It was the Applicant's submission that it is alive to the provisions of Section 17 (3) of the Income Tax Act (ITA) which provides:
"Unless the Act provides otherwise, Part V of this Act, which deals with tax accounting principles, applies in determining when an amount is derived for purposes of this Act."
Under Part V of the ITA, section 38 requires a taxpayer to use methods of accounting to conform with the generally accepted accounting principles that deal with loans. The accounting treatment of loans and borrowing under IFRS 9 calls for loans to be provided in the financial statements of the borrower as evidence of indebtedness.
The Applicant submitted that the Tribunal has emphasized that International Accounting Standards may be used if they are in harmony with the ITA in handling matters before the Tribunal. In Mukwano Enterprises v Uganda Revenue Authority TAT Application No.06 of 2018, the Tribunal found that the Applicant followed all the required accounting standards, and the Respondent had no right to re-characterize the Applicant's loan into income from an accounting point of view.
The Applicant submitted that the evidence shows that the substance of the transaction was that there was a loan between the Applicant and its related parties. This was not denied by the Respondent. The Respondent did not adduce any evidence to show what substance of the transaction that it upheld.
The Applicant submitted that the power to re-characterize is statutory. In *East African* Breweries International Limited v Uganda Revenue Authority, Application No.14 of 2017, the Tribunal stated:
"The commissioner's power to re-characterize a transaction cannot be faulted unless there were satisfactory explanations. The Tribunal will not interfere with such powers unless it is shown that the decision of the Respondent was illegal, irrational or was made with procedural impropriety".
The Applicant invited the Tribunal to find that the Respondent has not adduced any evidence to show that the substance and form conflicted. The Applicant prayed that for orders that:
- the Applicant's application be granted: $a)$ - $b)$ the additional assessment vacated. - the Applicant be granted interest on the amount deposited as 30% of the $c)$ disputed; and - $d$ ) costs of this Application.
### $5.$ **The Submissions of the Respondent**
The Respondent submitted that Section 117 of the Income Tax Act (ITA) (formerly Section 91) provides:
"For the purposes of determining liability to tax under this Act, the Commissioner General may:
a) Re-characterize a transaction or an element of a transaction that was entered into as part of a tax avoidance scheme.
b) Disregard a transaction that does not have substantial economic effect,
c) Re-characterize a transaction the form of which does not reflect the substance."

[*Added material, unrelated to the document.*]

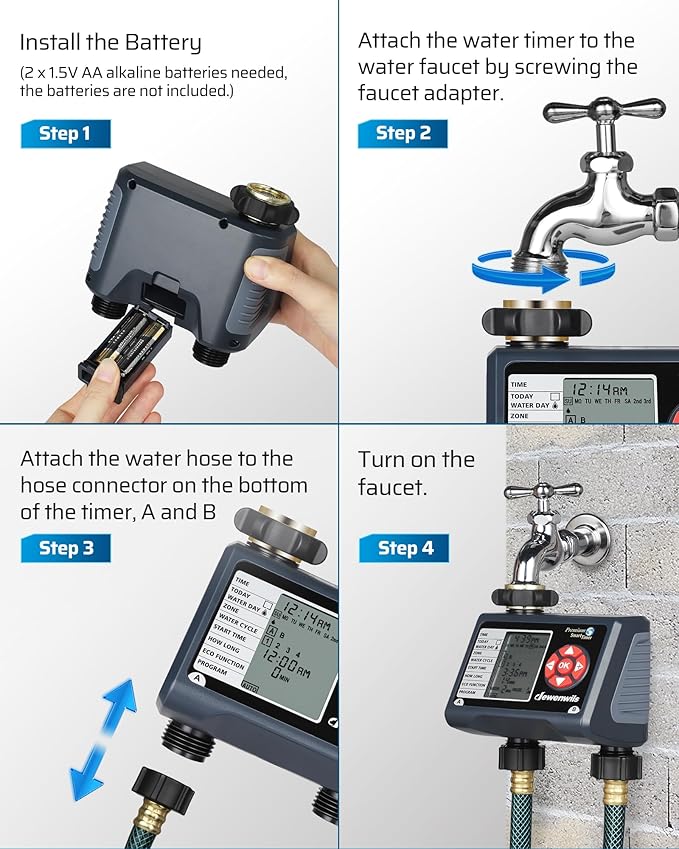 - [Hassle free on Vacation] Powered by 2 1.5V AA batteries (not included), the low battery indicator warning helps to replace battery in time, once forget to replace it when you are away on holiday, the hose timer for watering will keep OFF to avoid overwatering to save your garden and conserve water; when power is back on, just reset the current time, the previous watering schedules are still kept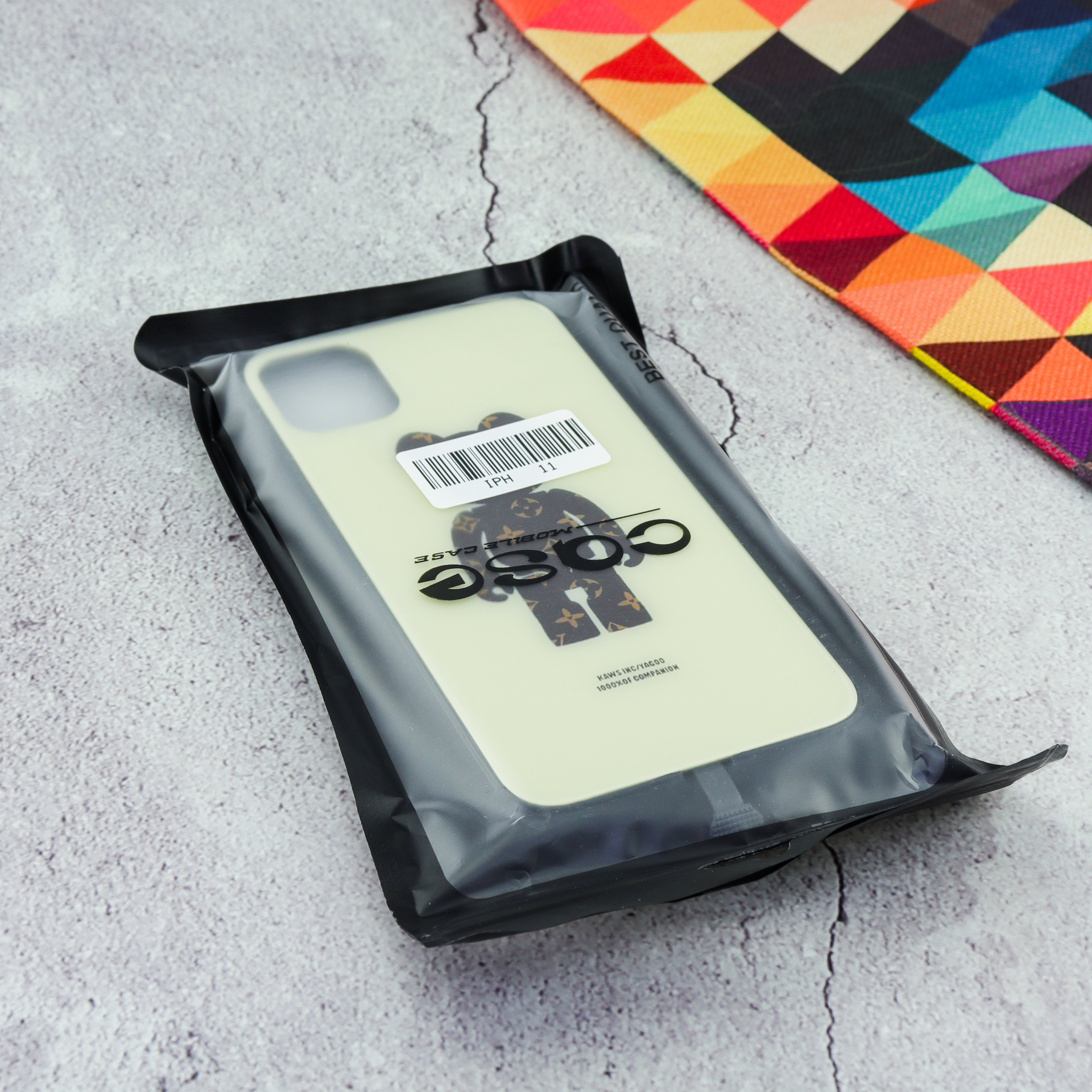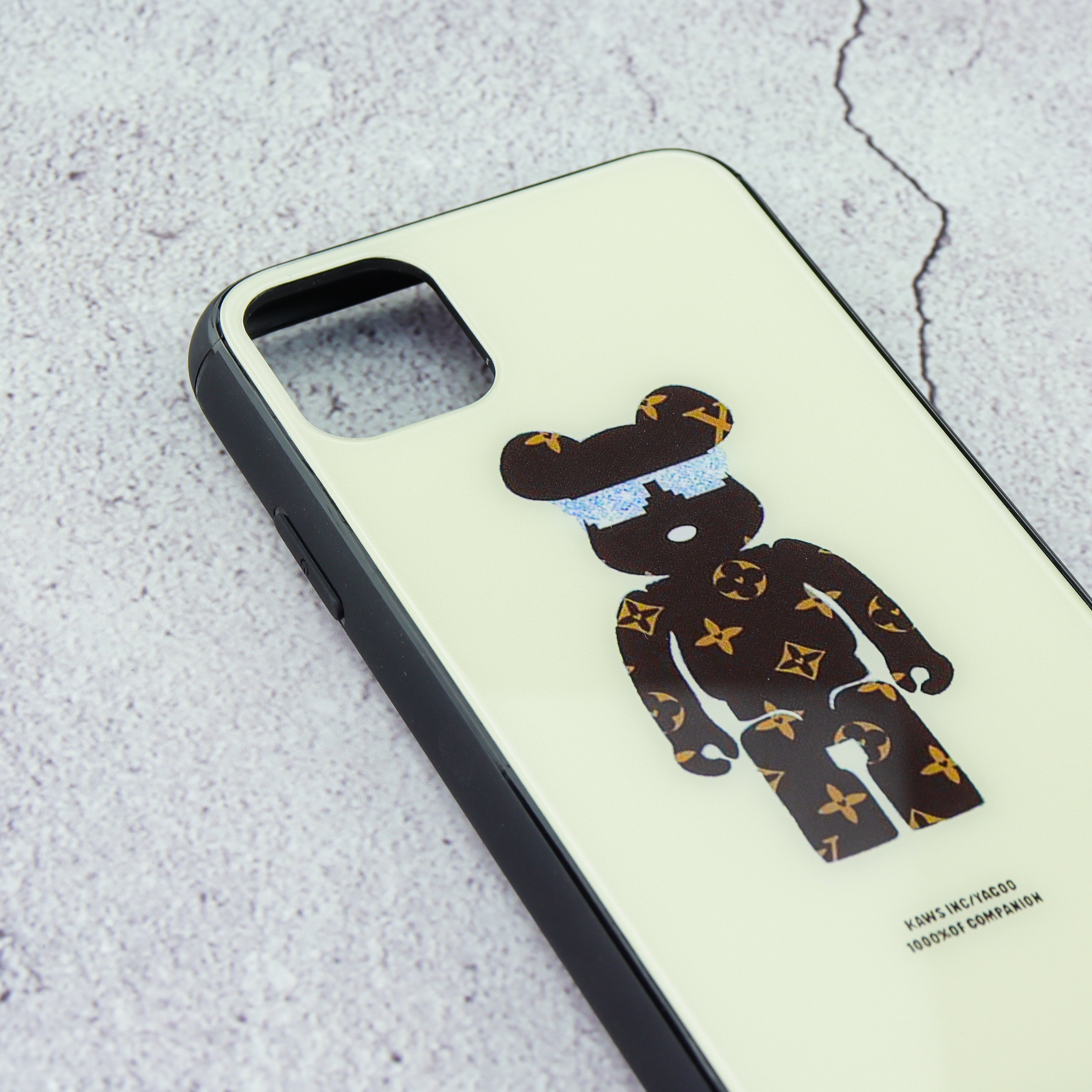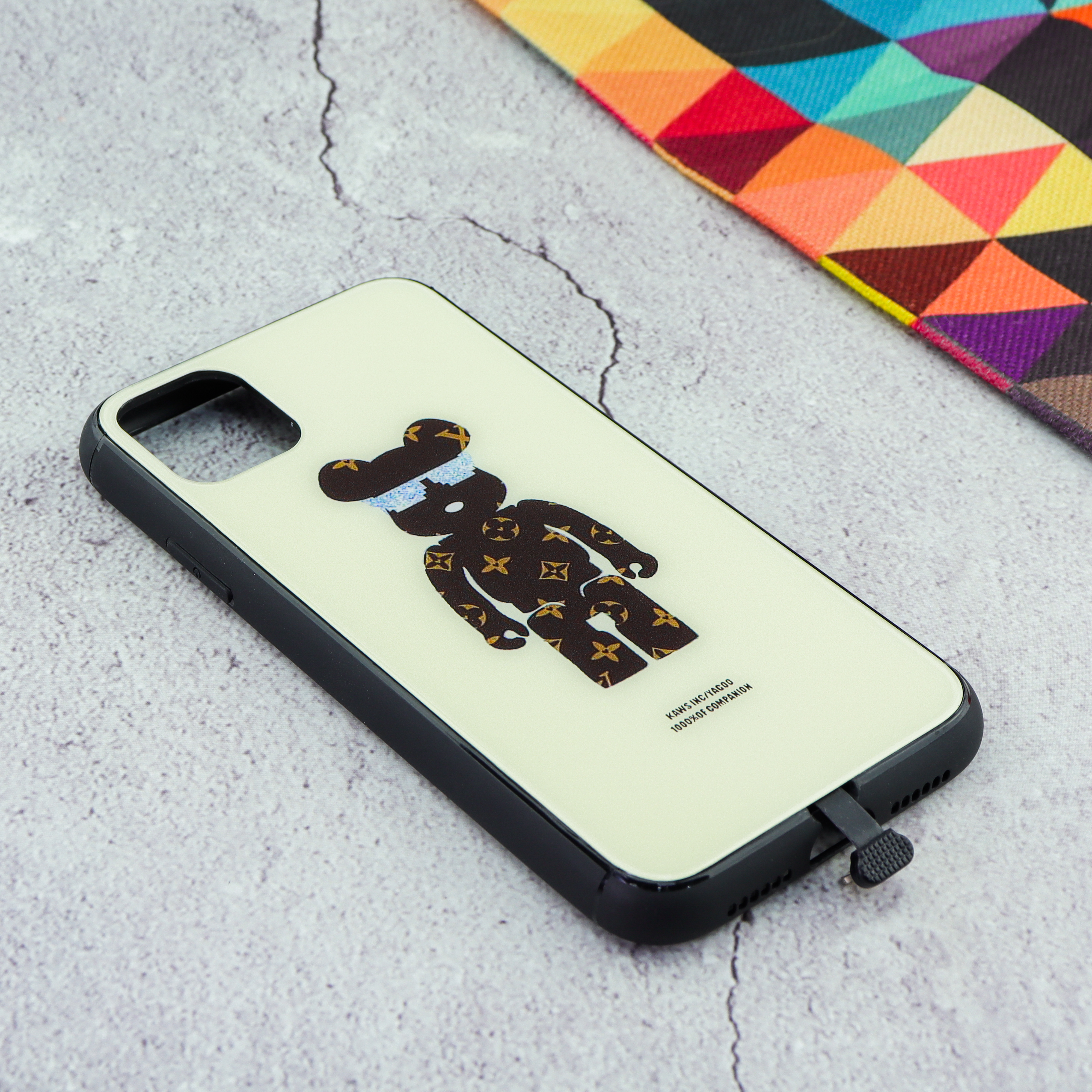 Чехол для iPhone 11 BEARBRICK в очках флуоресентный рисунок белый

The Respondent submitted that the Commissioner General is clothed with powers to re-characterize transactions which do not reflect economic or substantive effect by looking at the substance of the transaction over form.
The Respondent submitted that they reviewed the Applicant's income tax returns and established that the Applicant had an unsupported loan balance of Shs. 513,904,648 purportedly from its shareholders. On the 24 April 2023, the Respondent requested the Applicant to provide supporting documentation such as the loan agreement, bank statements to support the loan as claimed in the Applicant's returns and financial statements which the Applicant failed to do. Without evidence, the Respondent was entitled to re-characterize the transaction.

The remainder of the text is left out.